In questi giorni mi sono trovata spesso a discutere di questo argomento con dei compagni di tifo, ma non solo. Quando le cose vanno male c'è chi sente il bisogno di sfogarsi e chi invece preferisce chiudersi in se stesso, chi ostenta indifferenza e chi invece aumenta esponenzialmente il numero di post sui social network, cercando di spiegare e di spiegarsi i motivi di questo tracollo inspiegabile avuto da due mesi a questa parte. Quanto pesa realmente un episodio arbitrale nell'economia di una stagione? Fa bene chi sostiene che vadano sottolineate solo le carenze della squadra oppure è corretto soffermarsi anche sugli episodi arbitrali che da qualche tempo stanno compromettendo il rendimento della squadra?
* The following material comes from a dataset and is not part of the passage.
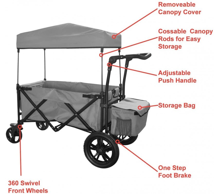 • Multi-use collapsible wagon with easy pull up folding. Easily unfold or pack the wagon for use and transportation.

L'interista medio è 'strano' anche per questo. Per quanto per anni il refrain più diffuso sia stato quello che voleva gli interisti 'piangina' per natura, sempre pronti a giustificare i fallimenti della squadra con l'accanimento arbitrale, negli ultimi tempi io nel tifoso nerazzurro ho riscontrato proprio l'atteggiamento opposto. "La squadra gioca male, la rosa è scadente, non ci si può mica attaccare agli arbitri", la linea di pensiero che va per la maggiore nell'ultimo periodo. Una linea di pensiero con cui penso di poter essere d'accordo, ma solo a metà.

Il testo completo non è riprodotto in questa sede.